— PROBLEM DETAILS —
Restate word for word the lines of the entries below, starting with the line that holds "まず、準備運動として、体育館" and ending with the line that holds "Front of plates: [1]", and no others.

--- RECORDS FOR PROCESSING Enclosed Below ---

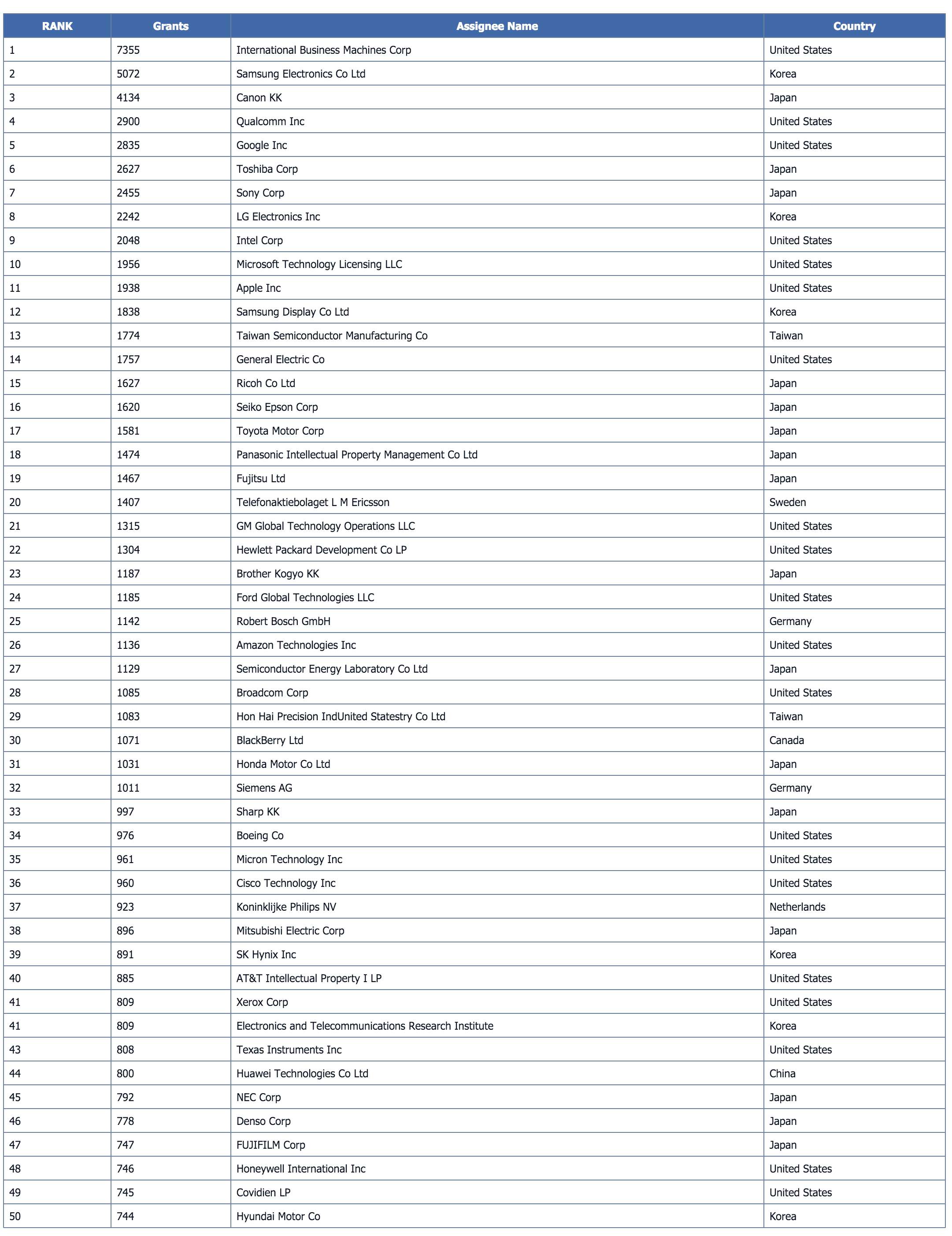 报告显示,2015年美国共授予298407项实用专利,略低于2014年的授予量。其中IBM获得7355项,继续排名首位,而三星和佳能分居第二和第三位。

--- End of Enclosed RECORDS FOR PROCESSING ---
--- RECORDS FOR PROCESSING Enclosed Below ---

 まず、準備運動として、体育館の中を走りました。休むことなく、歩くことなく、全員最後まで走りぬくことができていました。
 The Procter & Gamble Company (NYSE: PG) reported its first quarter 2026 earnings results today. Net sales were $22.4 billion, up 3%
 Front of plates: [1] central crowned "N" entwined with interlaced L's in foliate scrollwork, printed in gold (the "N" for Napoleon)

--- End of Enclosed RECORDS FOR PROCESSING ---

— ANSWER BOX —
 まず、準備運動として、体育館の中を走りました。休むことなく、歩くことなく、全員最後まで走りぬくことができていました。
 The Procter & Gamble Company (NYSE: PG) reported its first quarter 2026 earnings results today. Net sales were $22.4 billion, up 3%
 Front of plates: [1] central crowned "N" entwined with interlaced L's in foliate scrollwork, printed in gold (the "N" for Napoleon)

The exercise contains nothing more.